Impact of Autumn Budget 2024 on the commercial transactions market

14 February 2025

In the lead-up to the Autumn Budget 2024, there was a flurry of sellers desperately trying to complete business disposals ahead of Rachel Reeves’ expected announcements regarding changes to capital gains tax (CGT). For individuals hedging their bets and managing to complete deals before 30 October 2024, it resulted in a welcome tax saving, given the Chancellor’s unusual step of raising CGT rates immediately, from 10% and 20%, to 18% and 24% respectively.

Significant changes impacting transaction volumes, timing and business valuations

Since then, it is fair to say there has been a slowdown in the number of commercial transactions. Whether we see another flurry of activity with smaller owner-managers trying to complete ahead of further CGT changes that apply from 6 April 2025 is yet to be seen. With the change in the CGT rate for gains that qualify for business asset disposal relief increasing from 10% to 14%, the maximum tax at stake is £40,000, which may not be significant enough to encourage sellers to complete before the new rate takes effect. In many cases, the annual interest earned on sale proceeds may exceed the additional tax payable.

What will almost certainly have a more significant impact on commercial transactions is the effect increases in employment costs scheduled from 6 April 2025 will have on deal values. With most deals priced on a multiple of annual earnings before interest, taxes, depreciation, and amortisation (EBITDA), the rise in employer National Insurance contributions (NICs) to 15% and the reduction in the threshold at which they are payable to £5,000, gives an annual cost hike of almost £1,000 per employee earning the UK average wage.
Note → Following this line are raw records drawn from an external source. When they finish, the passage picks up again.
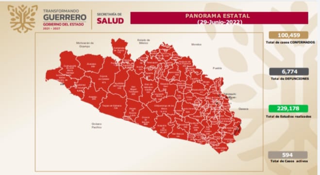 Además se detalló que desde el inicio de la pandemia, Guerrero acumula 100,459 casos confirmados y 6,774 defunciones a causa del Covid-19, de acuerdo con el informe que actualiza diariamente la SSG, subrayó que la pandemia no ha terminado y que en los últimos días se han incrementado los casos de COVID producidos principalmente por la variante Ómicron, aunque la mayoría de los cuadros que se presentan son leves que no ameritan hospitalización ni cuidados especiales.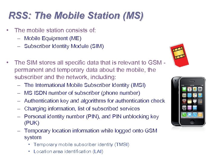 RSS: The Mobile Station (MS) • The mobile station consists of: – Mobile Equipment (ME) – Subscriber Identity Module (SIM) • The SIM stores all specific data that is relevant to GSM permanent and temporary data about the mobile, the subscriber and the network, including: – – – The International Mobile Subscriber Identity (IMSI) MS ISDN number of subscriber (phone number) Authentication key and algorithms for authentication check Charging information, list of subscribed services Personal identity number (PIN), and PIN unblocking key (PUK) – Temporary location information while logged onto GSM system • Temporary mobile subscriber identity (TMSI) • Location area identification (LAI)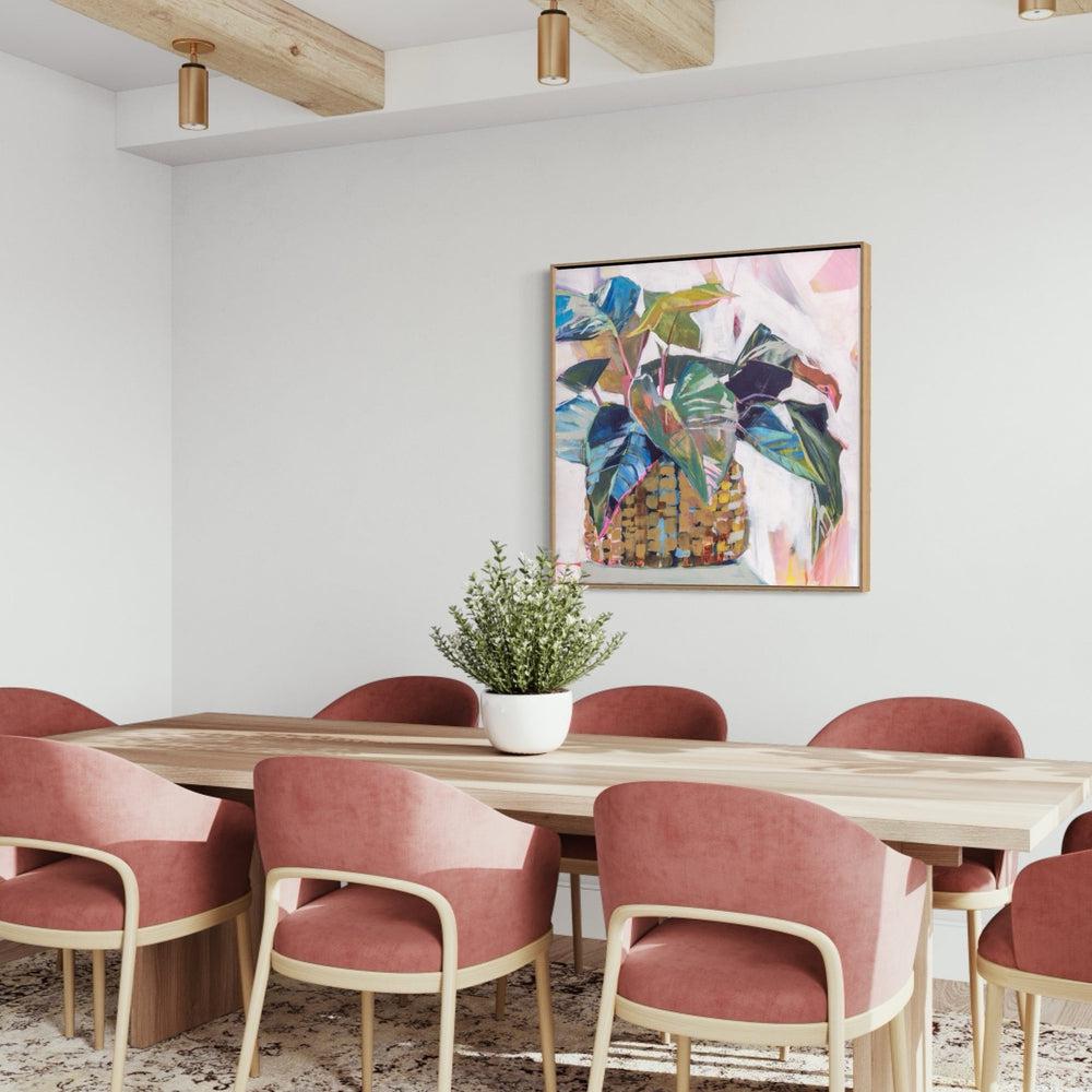 Bold leaves in rich greens and blues emerge from a textured woven basket in this lively botanical artwork. Printed and framed by Gioia Wall Art, it adds a contemporary organic touch to any interior.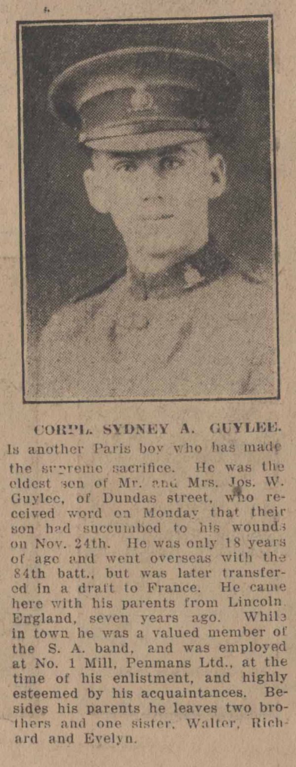 Galerie numérique de Soldat Sydney Arthur Guylee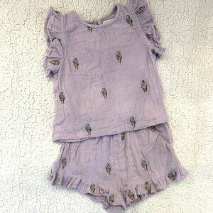 Bloomer set with tie top in a stripe pattern from Rylee + Cru. Light wash wear, no other issues. Size 12-18 months.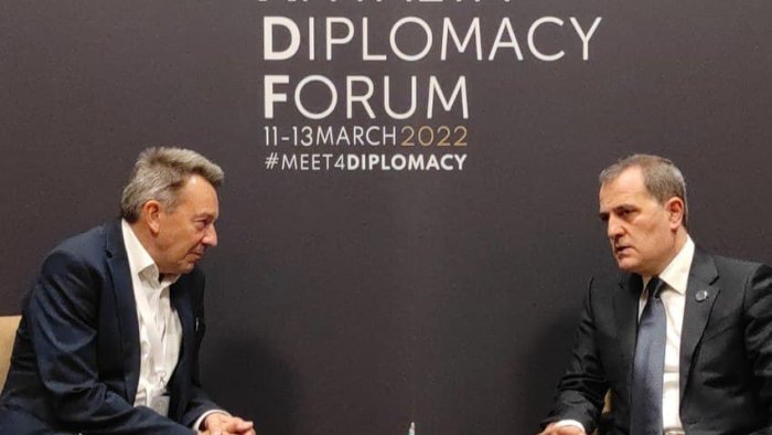 Antalya Diplomatiya Forumunda iştirakı çərçivəsində nazir Ceyhun Bayramov Beynəlxalq Qırmızı Xaç Komitəsinin prezidenti Peter Maurer ilə görüşüb.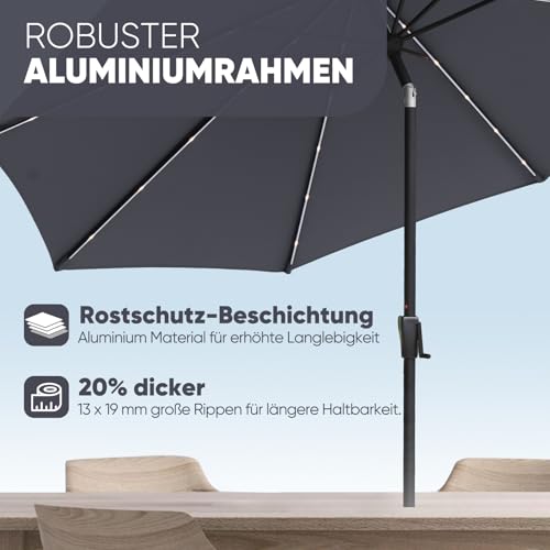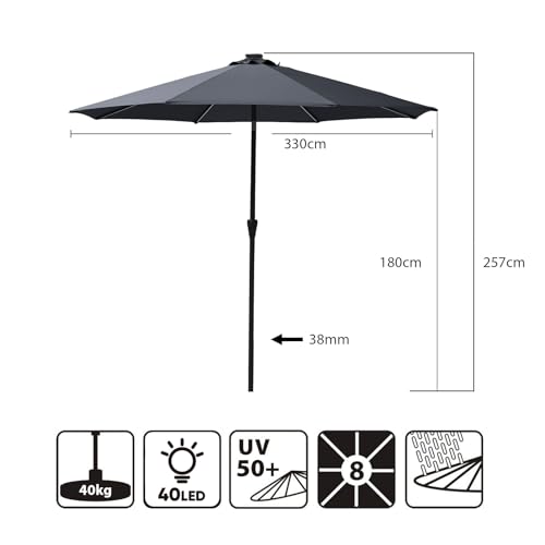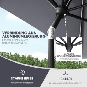 - 𝐀𝐛𝐦𝐞𝐬𝐬𝐮𝐧𝐠𝐞𝐧 & 𝐌𝐚𝐭𝐞𝐫𝐢𝐚𝐥-𝐆𝐫öß𝐞: 𝟑𝟑𝟎 𝐜𝐦, Schirmhöhe: 𝟐𝟓𝟕 𝐜𝐦, Stangendurchmesser: 𝟑𝟖 𝐦𝐦. Schirmabdeckung aus 𝟏𝟎𝟎% 𝐏𝐨𝐥𝐲𝐞𝐬𝐭𝐞𝐫, ca. 𝟏𝟖𝟎 𝐠/𝐦². Hochwertiges Material und stabile Konstruktion, ideal für langjährigen Gebrauch.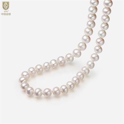 中国金楼 梵尚品 奥地利进口正圆极光无暇全尺寸奶油珍珠项链 8mm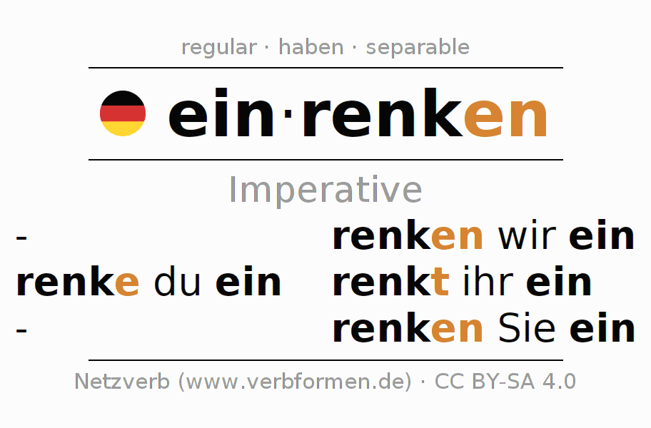 The conjugation of einrenken in Imperative Present Imperative Active is renke (du) ein, renken wir ein, renkt (ihr) ein, renken Sie ein.The conjugation corresponds to certain grammatical rules. Likewise the requirements for the conjugation of the simple verb forms of einrenken in Imperative. Comments ☆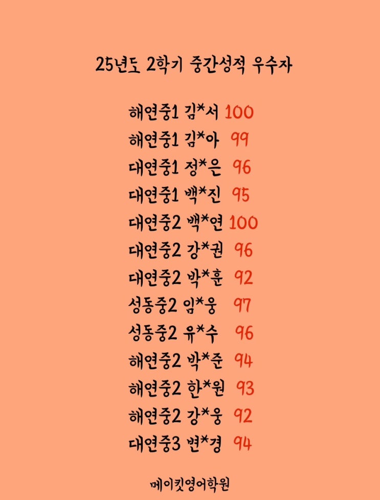 학원 확장과 중간고사 대비 기간이 겹쳐서 매우 바쁘고 정신 없었던 10월! 이 와중에 준비한대로 좋은 점수 받아온 메이킷 학생들!! 늘 하던대로 기말도 뿌수자!! #대연동영어학원 #대연동중등영어 #대연동고등영어 #대연동초등영어 #해연중시험 #대연중시험 #성동중시험 <img src="https://blogthumb.pstatic.net/MjAyNTExMjZfMTQy/MDAxNzY0MDkyNjA5MjY2.SzVVXSksYES-zrf2UYlJt8gGR-94gqnyObWYQj8sw4wg.PKydcZy-m2aAP19yrbOCTENOD0oDgazGdSisncbZIJ8g.JPEG/IMG%A3%DF7371.jpg?type=s3" />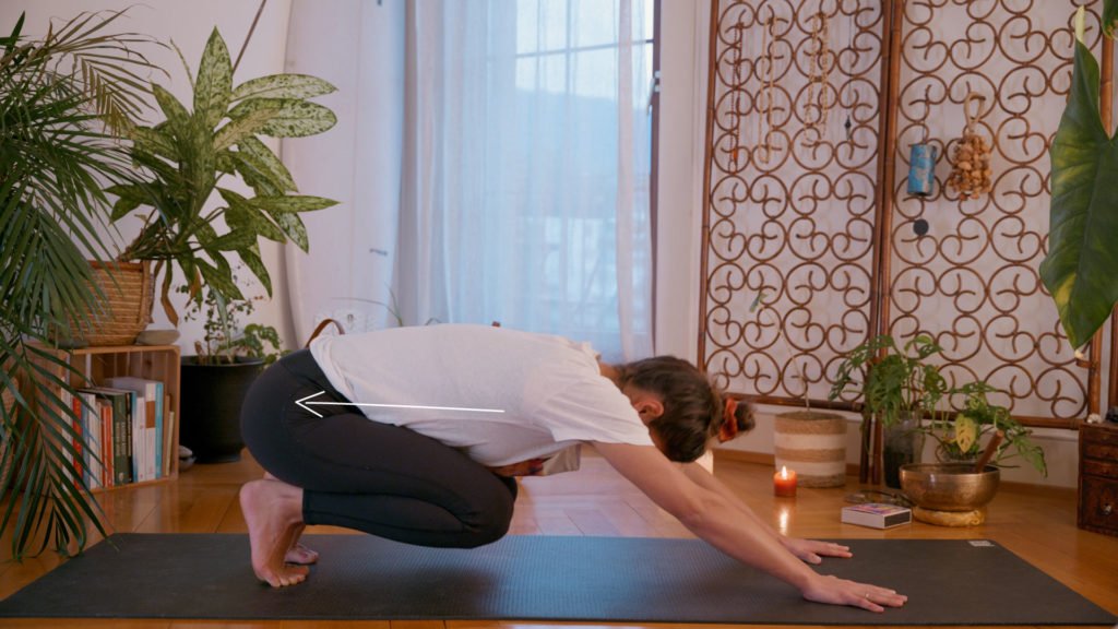 Poussez vos hanches vers l'arrière de façon à ce que vos genoux décollent du tapis et que vos fesses touchent vos talons. Imaginez que vous serrez une noisette entre le haut de vos jambes et le bas de votre ventre, juste à l'endroit où se trouve la partie avant de vos hanches.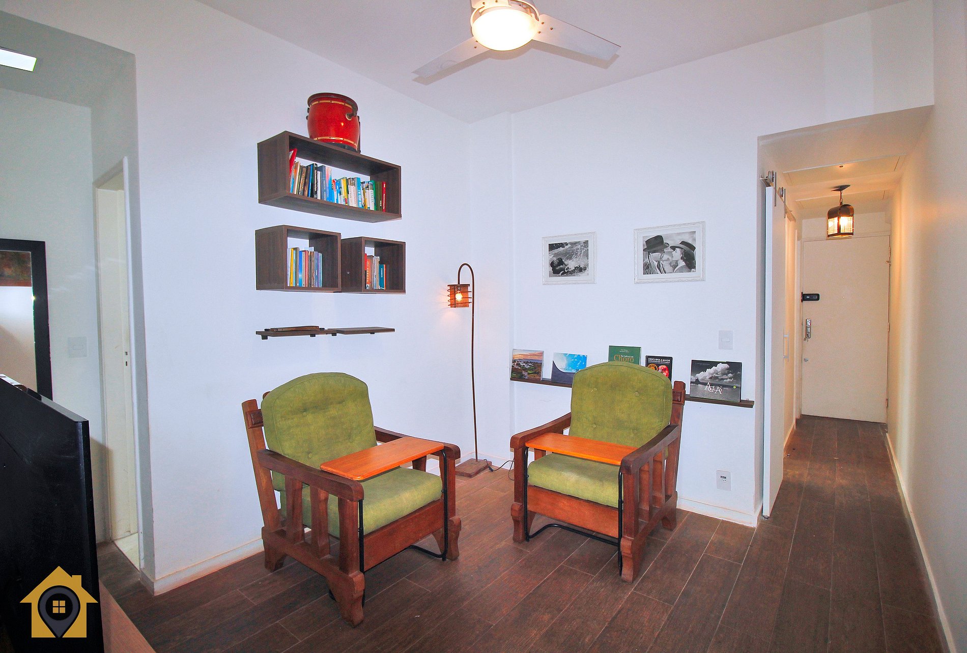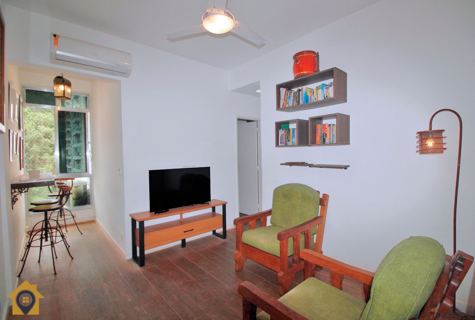A sala é aconchegante e funcional, equipada com Smart TV, duas poltronas, mesa alta com três banquetas, ar-condicionado e ventilador de teto — perfeita para relaxar após um dia de praia ou trabalho.
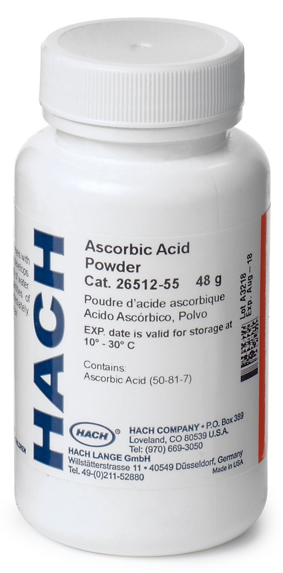 For determination of reactive phosphorus (phosphate) by the Rapid Liquid Ascorbic Acid Method. Hach Method 10055. Used with Ascorbic Acid Reagent Dilution Solution (2599949) and Molybdate Reagent Solution (2599849). 48 g bottle.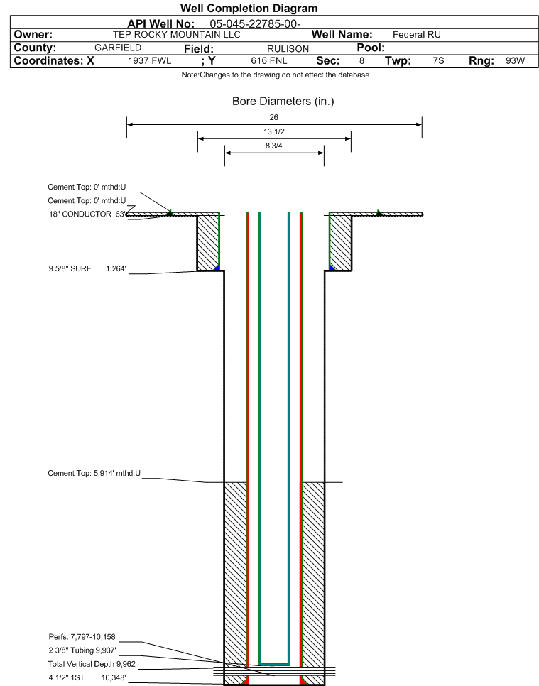 | Wellbore Completed | | Completion Date: | 11/10/2015 | | Spud Date: | 11/3/2015 | Spud Date Is: | ACTUAL | | Measured TD: | 10360 ft. | Measured PB depth: | 10316 ft. | | True Vertical TD: | 9962 ft. | True Vertical PB depth: | 9918 ft. | | Top PZ Location: | Sec:5 Twp: 7S 93W | Footage: 294 FSL 1254 FEL | | Bottom Hole Location: | Sec:5 Twp: 7S 93W | Footage: 238 FSL 1267 FEL | | Log Types: | RPM/MUD/CBL/Triple Combo on 045-22773 | | Casing: | String Type: CONDUCTOR, Hole Size: 26 in., Size: 18 in., Top: 0 ft., Depth: 63 ft., Weight: 47.4 , Citings Type: ACTUAL | | Cement: | Sacks: 24, Top: 0 ft., Bottom: 63 ft., Determination Method: VISU | | Casing: | String Type: SURF, Hole Size: 13.5 in., Size: 9.625 in., Top: 0 ft., Depth: 1264 ft., Weight: 32.3 , Citings Type: ACTUAL | | Cement: | Sacks: 320, Top: 0 ft., Bottom: 1264 ft., Determination Method: VISU | | Casing: | String Type: 1ST, Hole Size: 8.75 in., Size: 4.5 in., Top: 0 ft., Depth: 10348 ft., Weight: 11.6 , Citings Type: ACTUAL | | Cement: | Sacks: 855, Top: 5914 ft., Bottom: 10348 ft., Determination Method: CBL | | Formation | Interval Top | Log Bottom | Cored | DSTs | | WASATCH G | 3922 ft. | | | | | MESAVERDE | 6593 ft. | | | | | WILLIAMS FORK | 6593 ft. | | | | | CAMEO | 9495 ft. | | | | | ROLLINS | 10241 ft. | | | |

The rise in the national minimum wage (NMW) at the same time will also impact EBITDA, with potential additional annual costs of over £1,500 per full-time employee. Upcoming changes to employment rights may also add to increases in employer costs.

The impact of these changes will be most significant for businesses in industries that employ large numbers of lower-paid workers, such as childcare, retail, leisure and hospitality, but all businesses should consider how they can offset these increases in operating costs to reduce the impact on profit margins and maintain business value.

It is not unusual for the findings of tax due diligence work to identify risks regarding the employment status of off-payroll workers and whether there is an obligation for engaging businesses to account for income tax and NICs under PAYE. The NICs increases compound this risk and this should be built in when calculating maintainable EBITDA and considering future cashflows. 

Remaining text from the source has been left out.